When 2/3 and 1/2 ((c,d)) are used as convolution parameters for modeling, the range of modeling results with fuzzy spatiotemporal information is smaller. Although the number of spatiotemporal hot spots discovered is small, the range of spatiotemporal hot spots discovered is smaller, and the credibility of the hot spots is higher.

When 1/3 and 1/6 ((e,f)) are the convolution parameters used in modeling, the range of modeling results with fuzzy spatiotemporal information is the smallest. It is more difficult for spatiotemporal information to aggregate in ST-Voxels, but the spatiotemporal range of hot spots is the most accurate. The reliability of hot spots is the highest, and it is suitable for high-reliability spatiotemporal data modeling.

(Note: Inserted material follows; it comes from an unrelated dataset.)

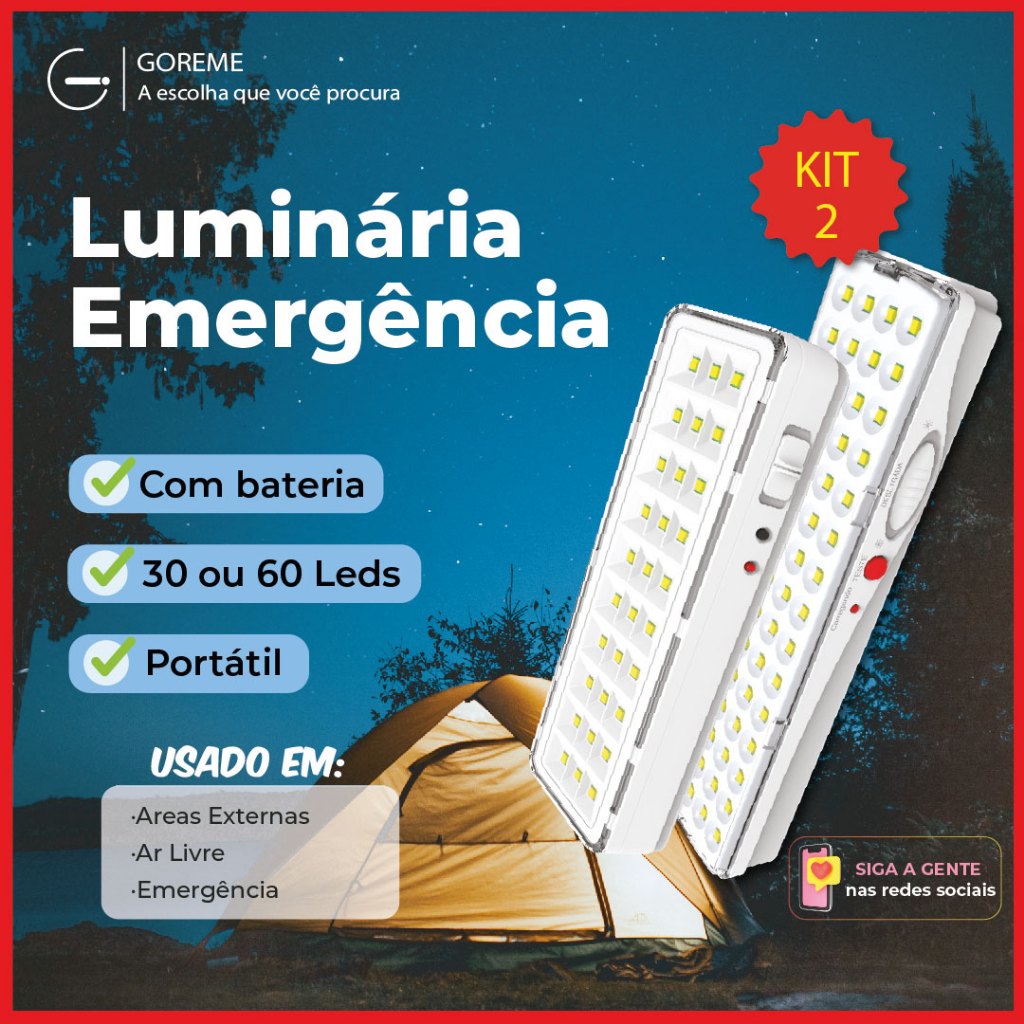 Kit 2 Luminária Emergência Lâmpada 30 ou 60 Leds Recarregável Bivolt Luz Branca

Therefore, for data with reliability similar to that of the data used in this study, such as official reports, 1/3 can also be used as a convolution parameter for the voxel modeling of spatiotemporal information and spatiotemporal association. If the data are less credible than the data used in this study, such as social media data, convolution parameters of 2/3, 1, or greater can be used for modeling to facilitate the spatiotemporal association of information.

Different events can be obtained using spatiotemporal data from different sources. For example, for the epidemic notification data used in this experiment, the spatiotemporal cross location of each case was identified according to the spatiotemporal aggregation. Discovering possible transmission chains provided a temporal and spatial basis for tracing the origin of the epidemic and delineating epidemic prevention and control areas; for temporal and spatial data in communication texts, users can focus on areas and activity trajectories based on temporal and spatial aggregation. Eventually, combining data with other attributes of the corresponding location can provide a reference for user identification, personalized recommendations, etc.

5. Conclusions and outlook

This study expands the existing ST-Voxels concept and designs a voxelization modeling method for spatiotemporal information in natural texts. The modeling of 5 types of spatiotemporal objects and 16 forms of relation are presented separately. In particular, a set of modeling ideas similar to convolution operations is proposed for spatiotemporal relation in voxelized space–time. Unknown event discovery based on voxelized information association is realized. Finally, experiments are designed to verify the feasibility of the modeling method and application. The influence and selected principle of the model parameters are also analyzed. Motivated by the exciting application results, we will further extend 3D space–time to 4D space–time to process 3D space data and apply the information for spatiotemporal aggregation in different scenarios.

Disclosure statement

No potential conflict of interest was reported by the author(s).

Additional information

Funding

This work was supported by The Excellent Youth Foundation of Henan Municipal Natural Science Foundation (212300410096), Program of Song Shan Laboratory (Included in the Management of Major Science and Technology Program of Henan Province) under Grant number 221100211000-03, and The National Key R&D Plan of China (2018YFB0505304).